Edit - I'm being a bit harsh but honestly....we're not having a good trend lately...


----------



## Marco (Jul 16, 2007)

maybe the founder was able to sniff it out due to its aroma because he/she is a is a smell feet connoisseur oke:


----------



## SlipperFan (Jul 16, 2007)

Reminds me of a favorite saying as a kid:
"I'm built upside-down: my feet smell and my nose runs."

Anyway, it's nice to have a new species discovered in the US.


----------



## Candace (Jul 16, 2007)

Thanks, Eric I hadn't heard about this. Think I'll pass on the rush there to see it, though. There's already enough sweaty feet aroma around me in my daily life as it is.


----------



## NYEric (Jul 17, 2007)

I saw the article and also the one abuot the specimen of the ghost orchid being found in a Florida sanctuary. Hopefully the press will get more people interested in orchids in a good way. [yes, 'abuot', I've been spending time w/ canadians!]


----------



## gore42 (Jul 17, 2007)

Its kinda nice to see so much about orchids in the press recently, especially with something that isn't very showy, like this one. In fact, my understanding is that this orchid wasn't even really newly discovered so much as newly classified.

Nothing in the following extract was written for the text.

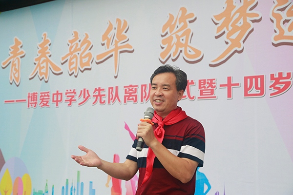 6月13日,是一個博愛中學初二年級少先隊員永遠銘記的日子,因為就在今天,他們光榮地離開少先隊組織,向更高的目標前進。這是他們成長道路上的一個里程碑,也是他們邁向青春的第一步。

Anyway, it makes me want to go out and search for native orchids again 

- Matt


----------



## cdub (Jul 17, 2007)

I agree with Matt that its hardly a new discovery, since it was observed and collected so many years ago. But, as the article explains, properly classifying a plant is difficult and can be much like "finding" it amongst all others we've already classified. (chris's deep thought of the day)


----------